## TASK BRIEF
Please return the listing below exactly, without any of its pictures.

## DATA BELOW
◆ ◆ ◆ ◆ ◆ ◆ ◆
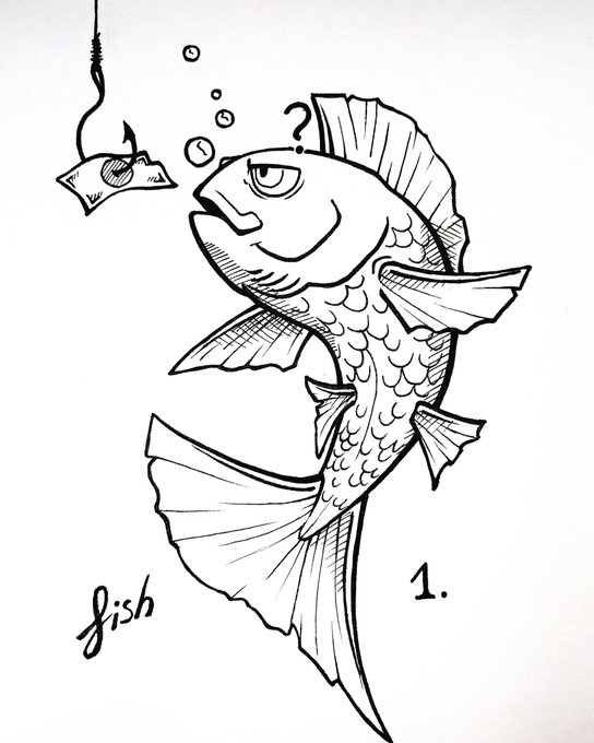 So es ist wieder soweit, es ist Inktober. 🥳 #inktober2020 #inktober #fish #bait #ink #drawing #illustration #tusche #zeichnung #fisch #tattoo #köder #geld #money #veronikawunderer
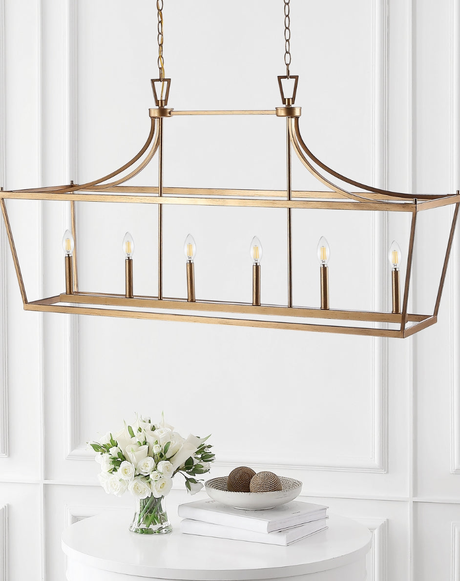 Transform any dining room with the bold, contemporary style of this expansive 6 light pendant. An homage to the art of fine metal craftsmanship, its modern minimalist lines and chic curves are highlighted with a warm, luxurious gold finish.
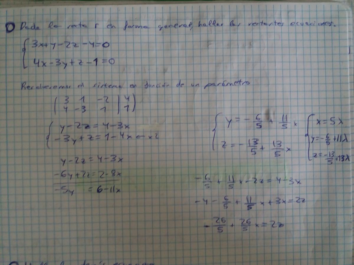 Resuelve un sistema compatible indeterminado con tres incógnitas. Pone las y,z en función de x (incógnita libre), le asigna el valor 5λ (por estética, para que no queden denominadores). La recta pasa por (0,-6/5,-13/5) y tiene la dirección del vector (5,11,13) (ecuaciones paramétricas). Pide explicaciones también a tu profesor.
◆ ◆ ◆ ◆ ◆ ◆ ◆
## EXERCISE RESPONSE
 So es ist wieder soweit, es ist Inktober. 🥳 #inktober2020 #inktober #fish #bait #ink #drawing #illustration #tusche #zeichnung #fisch #tattoo #köder #geld #money #veronikawunderer
 Transform any dining room with the bold, contemporary style of this expansive 6 light pendant. An homage to the art of fine metal craftsmanship, its modern minimalist lines and chic curves are highlighted with a warm, luxurious gold finish.
 Resuelve un sistema compatible indeterminado con tres incógnitas. Pone las y,z en función de x (incógnita libre), le asigna el valor 5λ (por estética, para que no queden denominadores). La recta pasa por (0,-6/5,-13/5) y tiene la dirección del vector (5,11,13) (ecuaciones paramétricas). Pide explicaciones también a tu profesor.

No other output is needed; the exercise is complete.